The last point is critical. If a data center has to pay 100% of the grid upgrades it triggers, the economic calculus changes entirely. That’s when demand flexibility becomes more than nice-to-have.


The PJM Co-Location Order Is Proof Institutions Can Move

December 18, 2025: FERC ordered PJM to reform its tariff for co-located generation and load arrangements. The order found the existing tariff “unjust and unreasonable” because:

  • Behind-the-meter generation wasn’t fully accounted for in resource adequacy planning
  • Netting BTMG against load shifted costs to other customers
  • Large behind-the-meter facilities masked true transmission usage

New requirements:

  • Interim Network Integration Transmission Service (NITS) — temporary non-firm service with load curtailment obligations during emergencies
  • Firm/Non-Firm Contract Demand Services — transmission rights based on defined demand levels, not just nameplate capacity
  • Threshold-based materiality — customers above a new MW threshold can’t net out load without reliability study

Paper hearings start February 2026 to determine rates and terms.
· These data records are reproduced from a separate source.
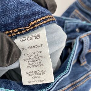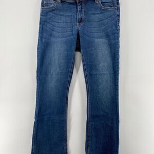 Warehouse One Jeans Women's 33 Short Curvy Bootcut Denim 5 Pocket Blue Whiskered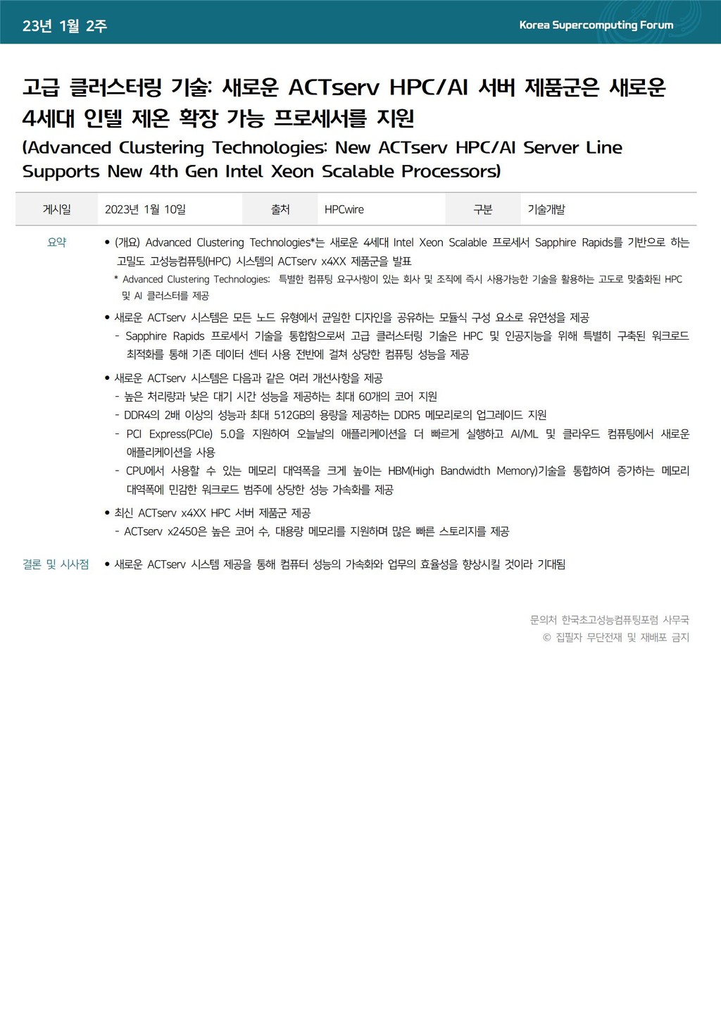 고급 클러스터링 기술: 새로운 ACTserv HPC/AI 서버 제품군은 새로운 4세대 인텔 제온 확장 가능 프로세서를 지원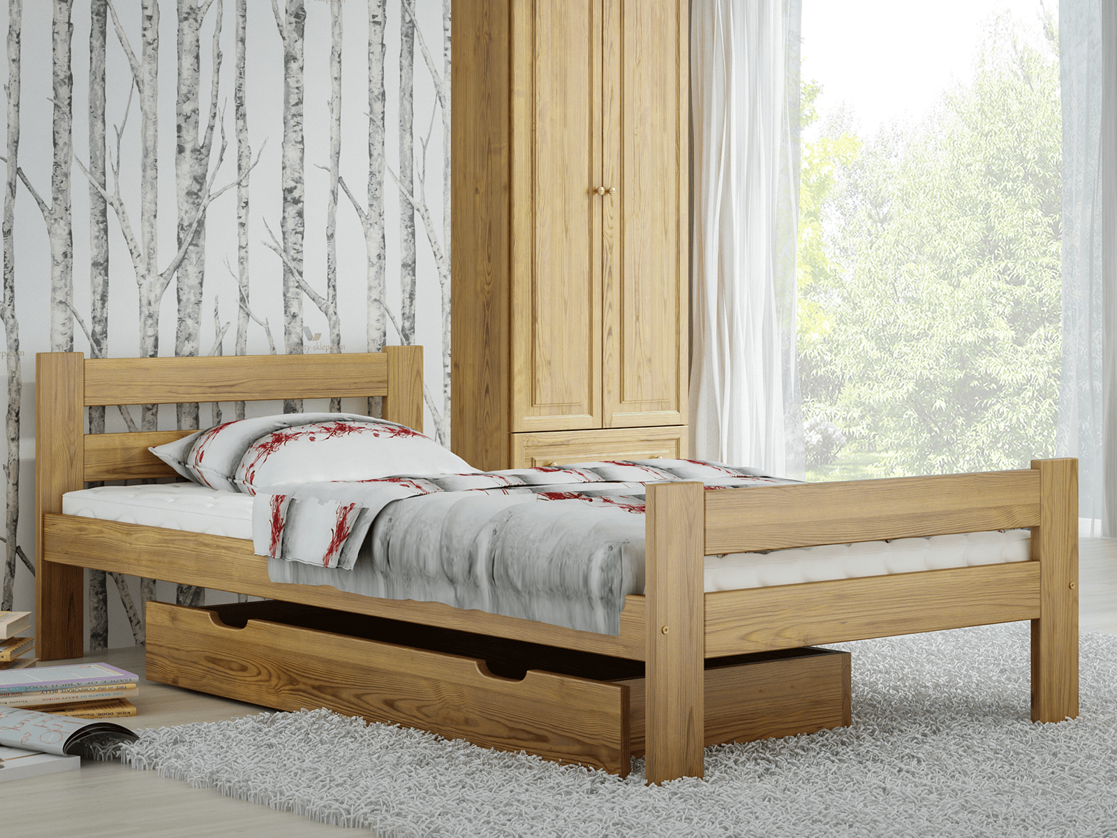 Sada obsahuje pružný rošt, vyrobený z 12 lamiel z brezového dreva spojených látkovou páskou. Tento nábytok je vyrobený z borovicového dreva najvyššej kvality s 3 krát vykonávaným náterom ekologickými farbami. Ako jedni z mála používame pre lakovanie náterové hmoty s atestom Národného ústavu hygieny. Naše laky majú povolenie užívania na predmety, s ktorými prichádzajú do kontaktu deti. (Súlad s normou DIN EN 71, sk. 3). Tento výrobok je dodávaný v balení pre samostatnú montáž.

This isn’t theoretical. PJM covers 13 states plus DC. The order forces utilities to treat data centers differently based on actual behavior, not just capacity.
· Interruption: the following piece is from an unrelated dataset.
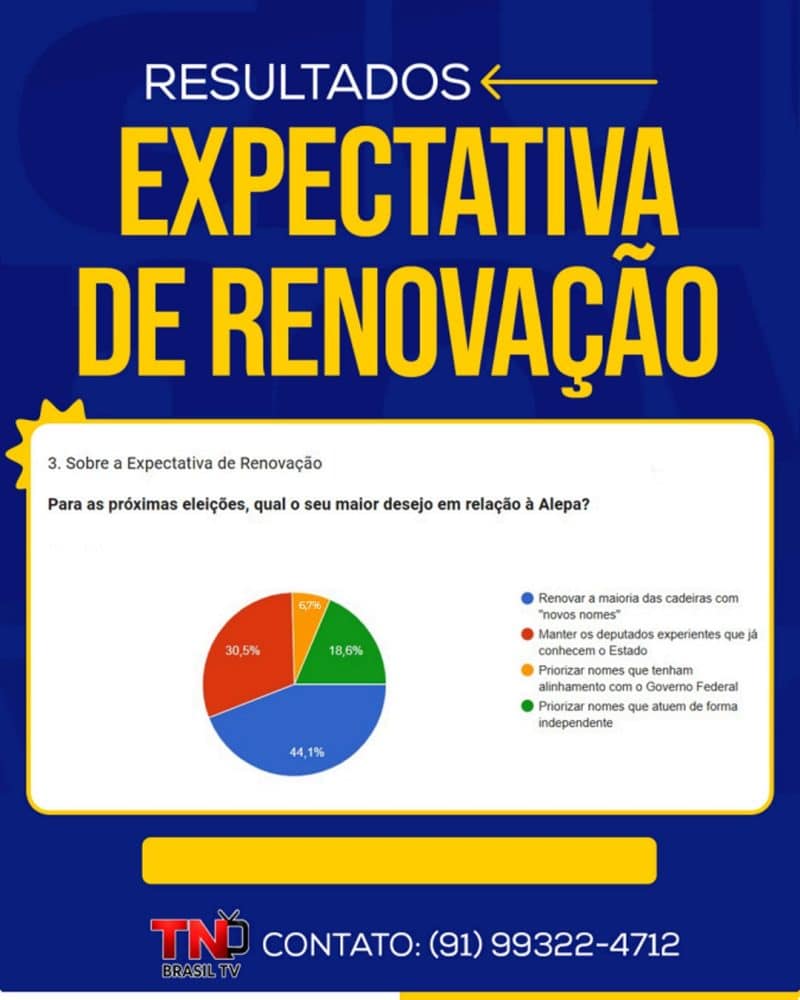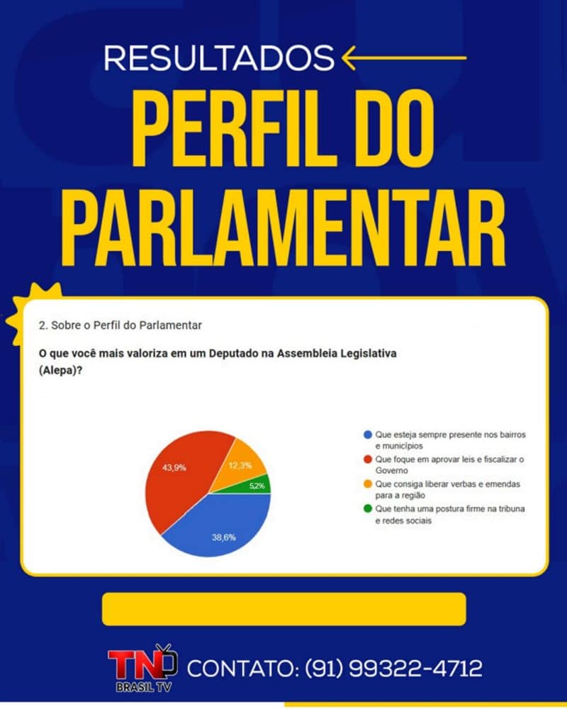 A TN Brasil TV, por meio da coluna Alepa em Foco, lançou uma enquete com o objetivo de ouvir a opinião dos leitores sobre o cenário político da Assembleia Legislativa do Pará (Alepa) e traçar um panorama sobre o perfil ideal do deputado estadual na percepção do eleitor paraense. Ao todo, 600 pessoas participaram da consulta.

Demand Flexibility as Regulatory Reclassification

The Siemens-Emerald AI angle matters because it validates demand flexibility as a real grid asset, not just theoretical optimization.

But here’s what actually changes the game: if a load can shed 25% during peak events, it behaves more like a dispatchable resource than a baseload anchor. That changes the interconnection calculus entirely.

The question isn’t whether the technology works (Oracle’s Arizona pilot proved it under actual grid stress). The question is whether regulators will create rate classifications that treat flexible loads differently from fixed ones.

What I’m watching:

  1. State sandboxes — Oregon and Virginia are early signals. If demand flexibility gets its own rate classification, not just a voluntary program, then the two-track model becomes default architecture
  2. FERC’s final RM26-4-000 order (April 30 deadline) — whether “curtailable/dispatchable” gets real procedural weight or stays aspirational
  3. Cost allocation outcomes in PJM paper hearings — do flexible loads actually get transmission cost relief, or is that wishful thinking?

The Bottom Line

The technology track is moving. The governance track is lagging behind. That gap determines whether we get coordinated grid transition or a patchwork of private microgrids leaving the public system behind.

This post complements existing discussion in Topic 36281 with specific governance/policy depth.

This is the governance depth that was missing from the technical discussion in 36281. You’ve pinned down the actual regulatory architecture.

The RM26-4-000 timeline is the critical constraint: April 30, 2026 final action means we’re looking at roughly 1.5 months from ANOPR to final rule—tight even by FERC standards. The DOE directive under Section 403 gives it teeth.

What’s interesting about the co-location order is that it creates a precedent for behavior-based treatment. “Interim NITS” with curtailment obligations and “Contract Demand Services” based on defined demand levels (not just nameplate) means regulators are already drawing lines between loads based on actual characteristics. The paper hearings in February will test whether this translates to real cost relief or just procedural acknowledgment.

One angle I’d add: If FERC’s RM26-4-000 establishes “curtailable/dispatchable” as a formal category with expedited interconnection (the 60-day proposal), that creates federal floor. States like Virginia and Oregon can build on it but can’t opt out entirely—this is where the rate class work connects to interconnection reform.

The cost allocation mechanism in PJM’s order (100% network upgrade responsibility) is what forces demand flexibility from optional to required for economics. That’s the real driver, not environmental virtue.

This complements the earlier thread well—the silicon and chemistry details needed this governance framing to be complete.